***** Available records

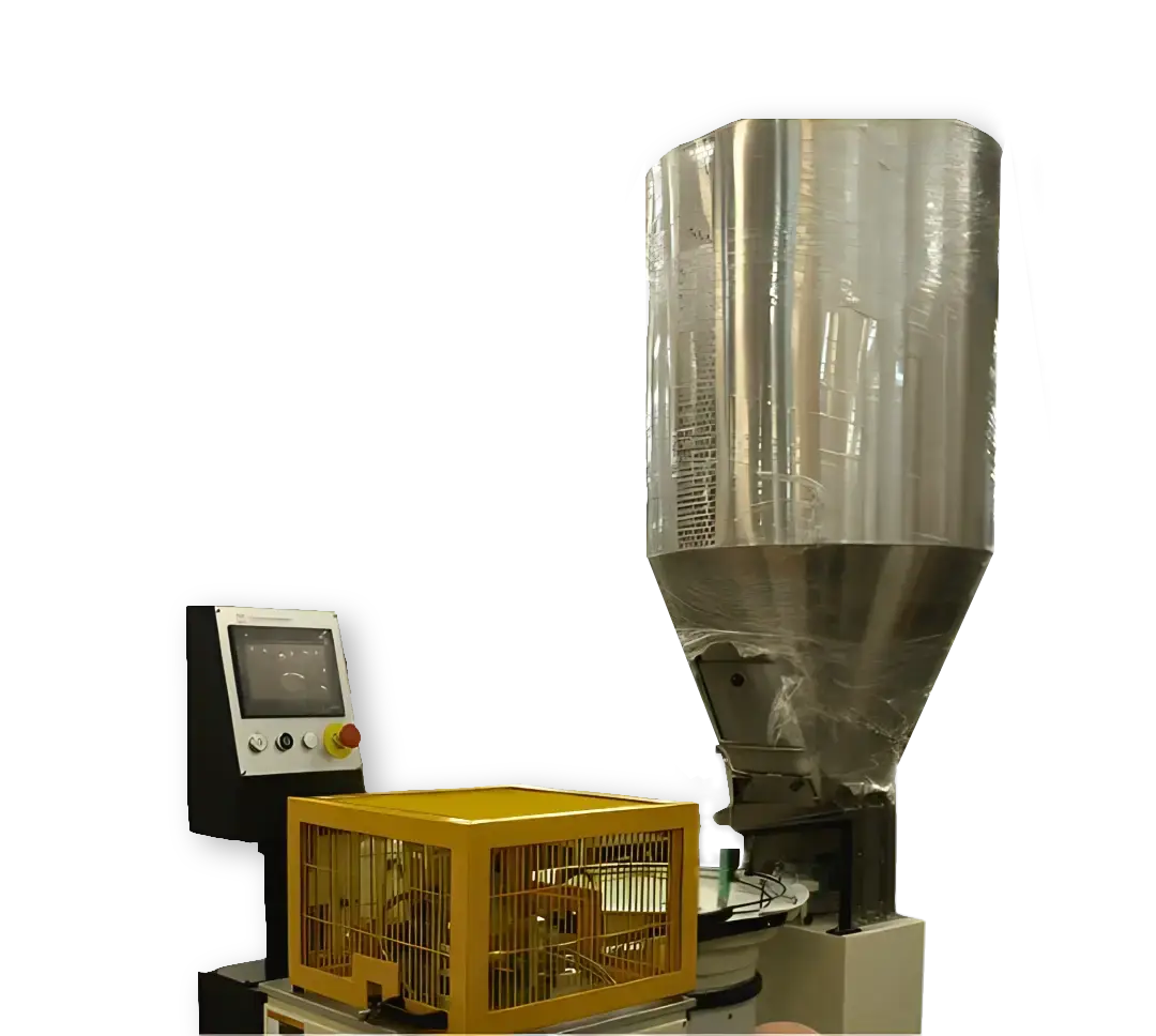 Retifica o corpo das rolhas (regulação da ovalização da superfície) e possui moega cónica em aço inox que garante a ausência de rolhas encravadas nos sistemas de alimentação.
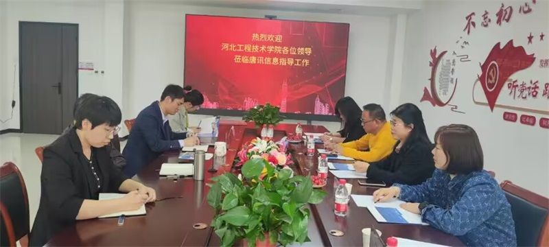 在河北唐讯信息技术股份有限公司王玉江总经理、党支部书记李志虎、副总经理杨雅慧的陪同下,参观了公司发展历程荣誉展厅和新一代通讯技术产教融合成果展厅,听取了公司与省内外高校开展产教融合协同育人工作情况的汇报。参观结束后,校企双方举行了产教融合协同育人座谈会。校企双方领导就校企合作的具体细节进行了交流发言,他们表示,校企合作搭建了企业与公司进行产学研用的桥梁,有效促进了校企双方的互利互赢,合作前景十分辽阔。
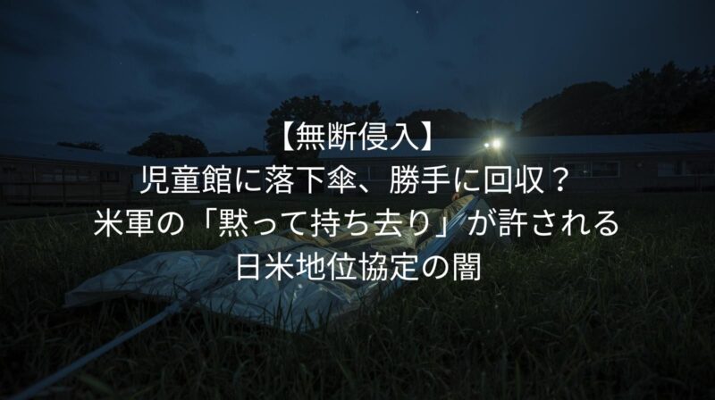 【無断侵入】児童館に落下傘、勝手に回収?米軍の「黙って持ち去り」が許される日米地位協定の闇
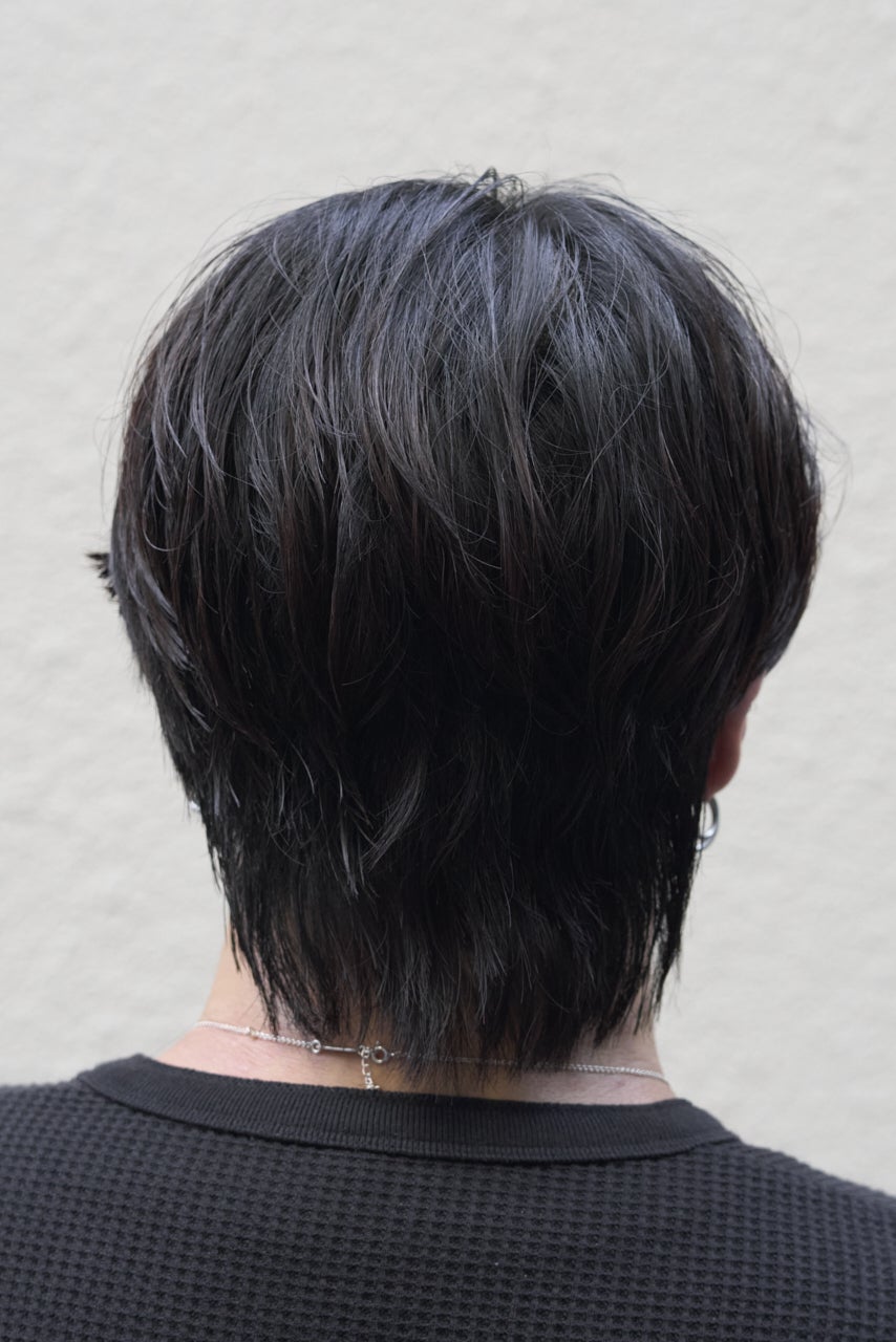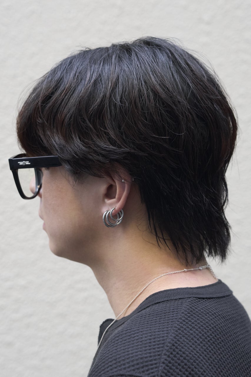 「人と会うときに意外と見られている横顔がきれいに見えるようシルエットを調整してほしい、と毎回オーダーしています。直毛なので、全体にふんわりパーマをかけることで後頭部に丸みを出しています。金木犀の香りが気に入っているtrack Oil NO.3をもみ込み、クセと束感を出しています」。
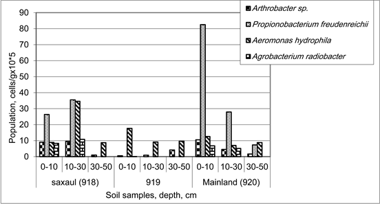 For the analysis, we selected four species of typical soil bacteria, such as aerobes Arthrobacter sp. and Agrobacterium radiobacter, optionally anaerobe Aeromonas hydrophila and anaerobe Propionibacterium freudenreichii. The population of Propionibacterium freudenreichii is substantially higher in the upper soil layer on the mainland as compared to the soil under saxaul. Population of other soil species under consideration is comparable with that on the mainland and in the soil under saxaul. The soil in the deeper layer (10 - 30 cm) under brush is richer in those species than the mainland, perhaps, due to exudates of saxaul roots that microorganisms use for their development and reproduction. The population of Aeromonas hydrophila only on the bare land is comparable with other soil conditions. To find a contribution of those species to the soil formation process, let’s examine their metabolic abilities.
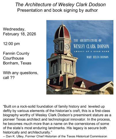 Bonham, Texas -- On Wednesday, February 18 at 12:00 p.m., Mary Helen Dodson - a historian, author, and great granddaughter of her subject - will be at the Fannin County Courthouse to present her just-published book, The Architecture of Wesley Clark Dodson: Legacy of a Good Name.
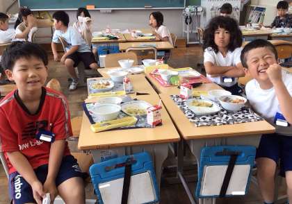 6月13日(金)の梅坪小(11)3年生の給食風景
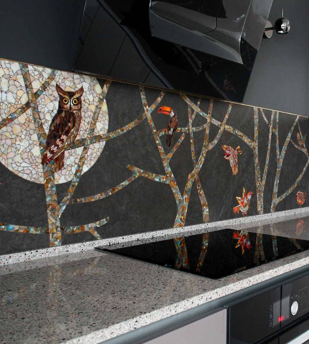 ที่นี่คุณจะได้เรียนรู้เกี่ยวกับโมเสกบนผ้ากันเปื้อนในครัวคุณสมบัติทั่วไปและจานสี และยังเกี่ยวกับการผสมผสานและวัสดุที่เป็นไปได้สำหรับการผลิต
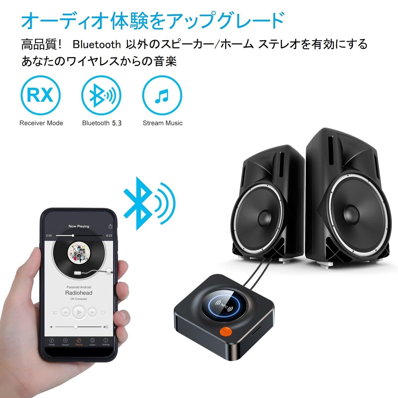 eppfun AK3040R Bluetooth 5.3 オーディオレシーバー、NFC + 3.5mm AUX/RCA/TFカードスロッ ト ブルートゥース 受信機 AAC対応、有線スピーカーまたはホームストリーミングミュージックシステム用、使用しながら充電
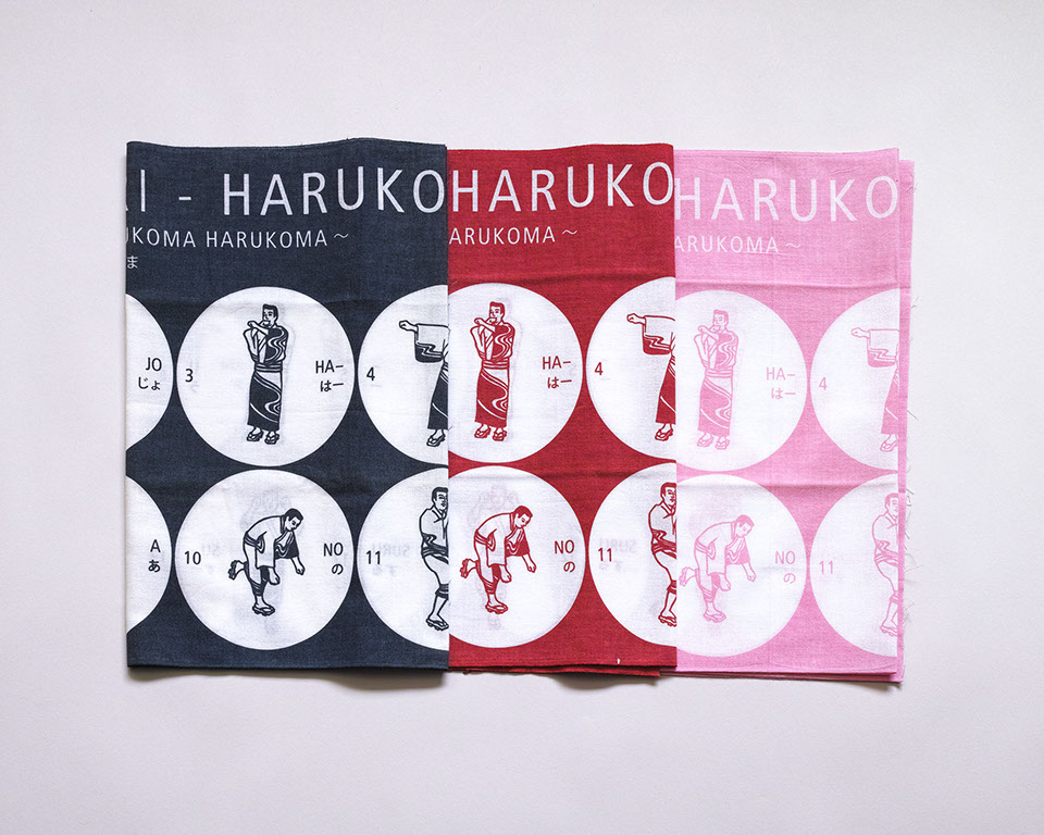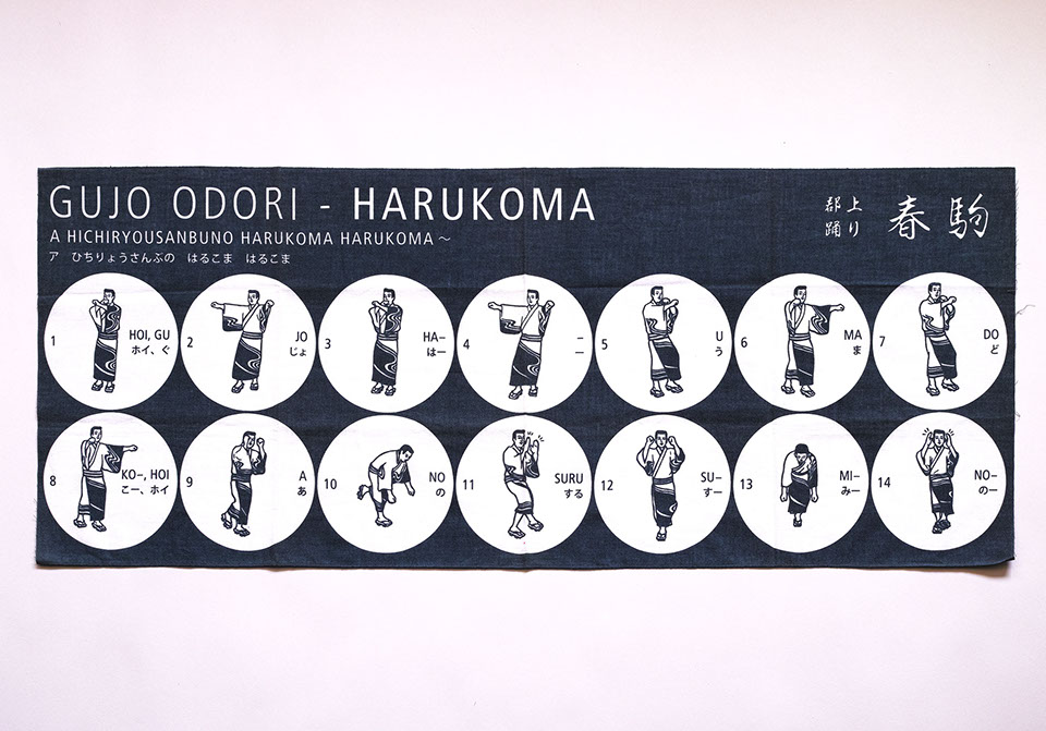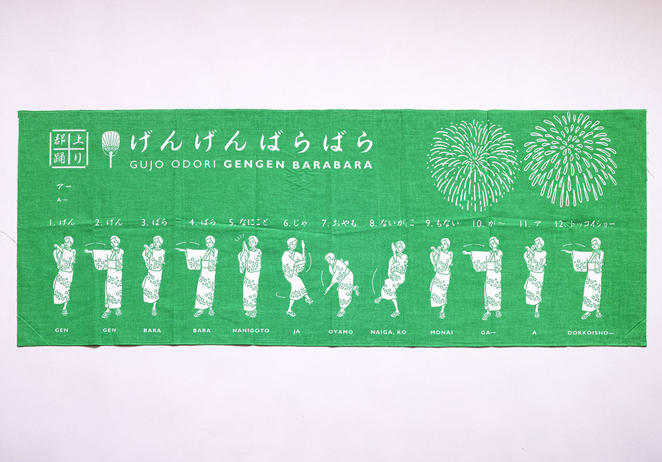 毎年岐阜県郡上市で開催されている郡上おどりの「春駒」「げんげんばらばら」それぞれの踊り方のイラストのてぬぐいです。
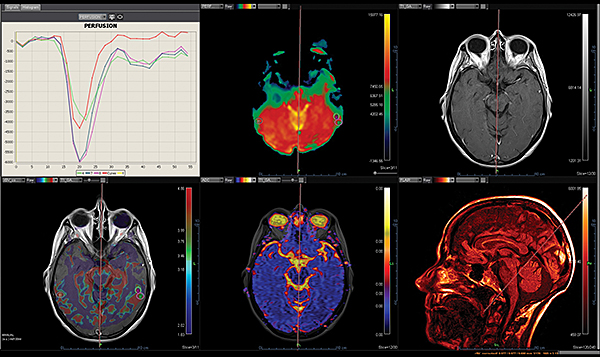 Додаток Brain Tumor пропонує автоматизовану покрокову обробку, включаючи кількісний мультипараметричний аналіз. Ця програма також включає оптимізований алгоритм корекції витоку контрастної речовини для підвищення точності оцінки DSC MР-перфузії.

**********

> _Task to carry out_:
Output the data above exactly. Drop every picture.

> _Solution for this exercise_:
 Retifica o corpo das rolhas (regulação da ovalização da superfície) e possui moega cónica em aço inox que garante a ausência de rolhas encravadas nos sistemas de alimentação.
 在河北唐讯信息技术股份有限公司王玉江总经理、党支部书记李志虎、副总经理杨雅慧的陪同下,参观了公司发展历程荣誉展厅和新一代通讯技术产教融合成果展厅,听取了公司与省内外高校开展产教融合协同育人工作情况的汇报。参观结束后,校企双方举行了产教融合协同育人座谈会。校企双方领导就校企合作的具体细节进行了交流发言,他们表示,校企合作搭建了企业与公司进行产学研用的桥梁,有效促进了校企双方的互利互赢,合作前景十分辽阔。
 【無断侵入】児童館に落下傘、勝手に回収?米軍の「黙って持ち去り」が許される日米地位協定の闇
 「人と会うときに意外と見られている横顔がきれいに見えるようシルエットを調整してほしい、と毎回オーダーしています。直毛なので、全体にふんわりパーマをかけることで後頭部に丸みを出しています。金木犀の香りが気に入っているtrack Oil NO.3をもみ込み、クセと束感を出しています」。
 For the analysis, we selected four species of typical soil bacteria, such as aerobes Arthrobacter sp. and Agrobacterium radiobacter, optionally anaerobe Aeromonas hydrophila and anaerobe Propionibacterium freudenreichii. The population of Propionibacterium freudenreichii is substantially higher in the upper soil layer on the mainland as compared to the soil under saxaul. Population of other soil species under consideration is comparable with that on the mainland and in the soil under saxaul. The soil in the deeper layer (10 - 30 cm) under brush is richer in those species than the mainland, perhaps, due to exudates of saxaul roots that microorganisms use for their development and reproduction. The population of Aeromonas hydrophila only on the bare land is comparable with other soil conditions. To find a contribution of those species to the soil formation process, let’s examine their metabolic abilities.
 Bonham, Texas -- On Wednesday, February 18 at 12:00 p.m., Mary Helen Dodson - a historian, author, and great granddaughter of her subject - will be at the Fannin County Courthouse to present her just-published book, The Architecture of Wesley Clark Dodson: Legacy of a Good Name.
 6月13日(金)の梅坪小(11)3年生の給食風景
 ที่นี่คุณจะได้เรียนรู้เกี่ยวกับโมเสกบนผ้ากันเปื้อนในครัวคุณสมบัติทั่วไปและจานสี และยังเกี่ยวกับการผสมผสานและวัสดุที่เป็นไปได้สำหรับการผลิต
 eppfun AK3040R Bluetooth 5.3 オーディオレシーバー、NFC + 3.5mm AUX/RCA/TFカードスロッ ト ブルートゥース 受信機 AAC対応、有線スピーカーまたはホームストリーミングミュージックシステム用、使用しながら充電
 毎年岐阜県郡上市で開催されている郡上おどりの「春駒」「げんげんばらばら」それぞれの踊り方のイラストのてぬぐいです。
 Додаток Brain Tumor пропонує автоматизовану покрокову обробку, включаючи кількісний мультипараметричний аналіз. Ця програма також включає оптимізований алгоритм корекції витоку контрастної речовини для підвищення точності оцінки DSC MР-перфузії.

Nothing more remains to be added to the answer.